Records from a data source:
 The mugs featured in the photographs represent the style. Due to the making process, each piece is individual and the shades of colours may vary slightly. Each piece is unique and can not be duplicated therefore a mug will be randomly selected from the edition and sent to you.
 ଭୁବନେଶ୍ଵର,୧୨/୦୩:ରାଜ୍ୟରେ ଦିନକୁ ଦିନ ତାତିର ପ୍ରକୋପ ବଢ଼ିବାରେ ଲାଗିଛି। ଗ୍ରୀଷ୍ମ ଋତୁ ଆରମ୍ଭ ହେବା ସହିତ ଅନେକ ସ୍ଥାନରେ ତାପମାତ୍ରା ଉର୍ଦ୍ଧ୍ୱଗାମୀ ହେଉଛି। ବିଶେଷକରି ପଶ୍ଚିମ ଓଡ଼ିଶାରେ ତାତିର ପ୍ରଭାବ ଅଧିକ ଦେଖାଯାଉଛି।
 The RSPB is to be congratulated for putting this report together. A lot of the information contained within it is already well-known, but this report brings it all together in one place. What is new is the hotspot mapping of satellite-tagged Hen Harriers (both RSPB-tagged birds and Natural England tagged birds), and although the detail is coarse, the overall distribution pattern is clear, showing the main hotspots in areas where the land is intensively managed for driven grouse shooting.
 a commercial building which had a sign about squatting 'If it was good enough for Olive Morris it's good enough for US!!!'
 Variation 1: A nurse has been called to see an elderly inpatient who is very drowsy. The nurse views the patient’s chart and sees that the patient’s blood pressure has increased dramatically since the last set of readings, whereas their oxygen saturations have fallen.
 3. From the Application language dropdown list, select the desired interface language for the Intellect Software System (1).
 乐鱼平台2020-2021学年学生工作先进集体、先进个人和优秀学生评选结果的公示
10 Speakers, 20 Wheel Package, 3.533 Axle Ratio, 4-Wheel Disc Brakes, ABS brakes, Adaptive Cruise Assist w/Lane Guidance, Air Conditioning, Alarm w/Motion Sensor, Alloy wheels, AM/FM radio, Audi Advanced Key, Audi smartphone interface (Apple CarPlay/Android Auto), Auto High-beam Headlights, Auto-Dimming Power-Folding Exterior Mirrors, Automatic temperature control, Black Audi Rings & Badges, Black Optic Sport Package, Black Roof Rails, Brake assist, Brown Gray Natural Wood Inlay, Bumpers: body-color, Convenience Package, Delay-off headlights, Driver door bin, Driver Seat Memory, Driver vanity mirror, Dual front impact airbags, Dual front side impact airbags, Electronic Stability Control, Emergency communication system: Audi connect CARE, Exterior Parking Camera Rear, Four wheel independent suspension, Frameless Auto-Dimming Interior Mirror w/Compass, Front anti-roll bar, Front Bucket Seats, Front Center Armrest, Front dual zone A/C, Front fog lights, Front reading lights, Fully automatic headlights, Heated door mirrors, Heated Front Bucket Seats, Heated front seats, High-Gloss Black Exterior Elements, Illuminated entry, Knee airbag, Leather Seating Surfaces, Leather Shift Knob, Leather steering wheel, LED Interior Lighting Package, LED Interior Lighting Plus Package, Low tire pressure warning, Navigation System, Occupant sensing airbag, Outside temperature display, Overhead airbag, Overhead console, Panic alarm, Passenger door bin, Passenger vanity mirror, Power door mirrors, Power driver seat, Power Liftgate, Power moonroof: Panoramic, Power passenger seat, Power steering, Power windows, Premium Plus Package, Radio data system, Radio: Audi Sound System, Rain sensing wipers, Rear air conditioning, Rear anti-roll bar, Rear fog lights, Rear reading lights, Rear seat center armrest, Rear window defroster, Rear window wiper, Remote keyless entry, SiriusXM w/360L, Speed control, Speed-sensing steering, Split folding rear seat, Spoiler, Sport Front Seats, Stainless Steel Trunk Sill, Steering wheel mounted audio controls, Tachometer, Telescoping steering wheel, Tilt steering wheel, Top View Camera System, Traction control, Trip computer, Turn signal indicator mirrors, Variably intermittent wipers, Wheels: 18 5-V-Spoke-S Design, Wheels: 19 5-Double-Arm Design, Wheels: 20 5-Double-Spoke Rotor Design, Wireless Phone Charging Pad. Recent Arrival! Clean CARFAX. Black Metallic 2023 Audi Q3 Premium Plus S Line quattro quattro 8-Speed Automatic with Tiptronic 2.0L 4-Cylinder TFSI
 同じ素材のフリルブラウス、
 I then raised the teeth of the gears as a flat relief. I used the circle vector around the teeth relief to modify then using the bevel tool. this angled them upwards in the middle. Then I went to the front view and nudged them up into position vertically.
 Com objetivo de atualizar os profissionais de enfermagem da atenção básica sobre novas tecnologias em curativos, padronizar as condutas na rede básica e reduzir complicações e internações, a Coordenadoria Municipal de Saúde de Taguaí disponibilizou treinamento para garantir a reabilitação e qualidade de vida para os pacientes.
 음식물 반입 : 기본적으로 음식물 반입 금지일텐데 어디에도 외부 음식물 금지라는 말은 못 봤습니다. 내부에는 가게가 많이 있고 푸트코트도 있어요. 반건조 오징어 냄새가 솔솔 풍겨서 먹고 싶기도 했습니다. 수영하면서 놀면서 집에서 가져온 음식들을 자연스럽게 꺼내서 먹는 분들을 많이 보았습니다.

PROBLEM DESCRIPTION: Reproduce all of the entries verbatim.

OUTPUT OF THE EXERCISE:
 The mugs featured in the photographs represent the style. Due to the making process, each piece is individual and the shades of colours may vary slightly. Each piece is unique and can not be duplicated therefore a mug will be randomly selected from the edition and sent to you.
 ଭୁବନେଶ୍ଵର,୧୨/୦୩:ରାଜ୍ୟରେ ଦିନକୁ ଦିନ ତାତିର ପ୍ରକୋପ ବଢ଼ିବାରେ ଲାଗିଛି। ଗ୍ରୀଷ୍ମ ଋତୁ ଆରମ୍ଭ ହେବା ସହିତ ଅନେକ ସ୍ଥାନରେ ତାପମାତ୍ରା ଉର୍ଦ୍ଧ୍ୱଗାମୀ ହେଉଛି। ବିଶେଷକରି ପଶ୍ଚିମ ଓଡ଼ିଶାରେ ତାତିର ପ୍ରଭାବ ଅଧିକ ଦେଖାଯାଉଛି।
 The RSPB is to be congratulated for putting this report together. A lot of the information contained within it is already well-known, but this report brings it all together in one place. What is new is the hotspot mapping of satellite-tagged Hen Harriers (both RSPB-tagged birds and Natural England tagged birds), and although the detail is coarse, the overall distribution pattern is clear, showing the main hotspots in areas where the land is intensively managed for driven grouse shooting.
 a commercial building which had a sign about squatting 'If it was good enough for Olive Morris it's good enough for US!!!'
 Variation 1: A nurse has been called to see an elderly inpatient who is very drowsy. The nurse views the patient’s chart and sees that the patient’s blood pressure has increased dramatically since the last set of readings, whereas their oxygen saturations have fallen.
 3. From the Application language dropdown list, select the desired interface language for the Intellect Software System (1).
 乐鱼平台2020-2021学年学生工作先进集体、先进个人和优秀学生评选结果的公示
10 Speakers, 20 Wheel Package, 3.533 Axle Ratio, 4-Wheel Disc Brakes, ABS brakes, Adaptive Cruise Assist w/Lane Guidance, Air Conditioning, Alarm w/Motion Sensor, Alloy wheels, AM/FM radio, Audi Advanced Key, Audi smartphone interface (Apple CarPlay/Android Auto), Auto High-beam Headlights, Auto-Dimming Power-Folding Exterior Mirrors, Automatic temperature control, Black Audi Rings & Badges, Black Optic Sport Package, Black Roof Rails, Brake assist, Brown Gray Natural Wood Inlay, Bumpers: body-color, Convenience Package, Delay-off headlights, Driver door bin, Driver Seat Memory, Driver vanity mirror, Dual front impact airbags, Dual front side impact airbags, Electronic Stability Control, Emergency communication system: Audi connect CARE, Exterior Parking Camera Rear, Four wheel independent suspension, Frameless Auto-Dimming Interior Mirror w/Compass, Front anti-roll bar, Front Bucket Seats, Front Center Armrest, Front dual zone A/C, Front fog lights, Front reading lights, Fully automatic headlights, Heated door mirrors, Heated Front Bucket Seats, Heated front seats, High-Gloss Black Exterior Elements, Illuminated entry, Knee airbag, Leather Seating Surfaces, Leather Shift Knob, Leather steering wheel, LED Interior Lighting Package, LED Interior Lighting Plus Package, Low tire pressure warning, Navigation System, Occupant sensing airbag, Outside temperature display, Overhead airbag, Overhead console, Panic alarm, Passenger door bin, Passenger vanity mirror, Power door mirrors, Power driver seat, Power Liftgate, Power moonroof: Panoramic, Power passenger seat, Power steering, Power windows, Premium Plus Package, Radio data system, Radio: Audi Sound System, Rain sensing wipers, Rear air conditioning, Rear anti-roll bar, Rear fog lights, Rear reading lights, Rear seat center armrest, Rear window defroster, Rear window wiper, Remote keyless entry, SiriusXM w/360L, Speed control, Speed-sensing steering, Split folding rear seat, Spoiler, Sport Front Seats, Stainless Steel Trunk Sill, Steering wheel mounted audio controls, Tachometer, Telescoping steering wheel, Tilt steering wheel, Top View Camera System, Traction control, Trip computer, Turn signal indicator mirrors, Variably intermittent wipers, Wheels: 18 5-V-Spoke-S Design, Wheels: 19 5-Double-Arm Design, Wheels: 20 5-Double-Spoke Rotor Design, Wireless Phone Charging Pad. Recent Arrival! Clean CARFAX. Black Metallic 2023 Audi Q3 Premium Plus S Line quattro quattro 8-Speed Automatic with Tiptronic 2.0L 4-Cylinder TFSI
 同じ素材のフリルブラウス、
 I then raised the teeth of the gears as a flat relief. I used the circle vector around the teeth relief to modify then using the bevel tool. this angled them upwards in the middle. Then I went to the front view and nudged them up into position vertically.
 Com objetivo de atualizar os profissionais de enfermagem da atenção básica sobre novas tecnologias em curativos, padronizar as condutas na rede básica e reduzir complicações e internações, a Coordenadoria Municipal de Saúde de Taguaí disponibilizou treinamento para garantir a reabilitação e qualidade de vida para os pacientes.
 음식물 반입 : 기본적으로 음식물 반입 금지일텐데 어디에도 외부 음식물 금지라는 말은 못 봤습니다. 내부에는 가게가 많이 있고 푸트코트도 있어요. 반건조 오징어 냄새가 솔솔 풍겨서 먹고 싶기도 했습니다. 수영하면서 놀면서 집에서 가져온 음식들을 자연스럽게 꺼내서 먹는 분들을 많이 보았습니다.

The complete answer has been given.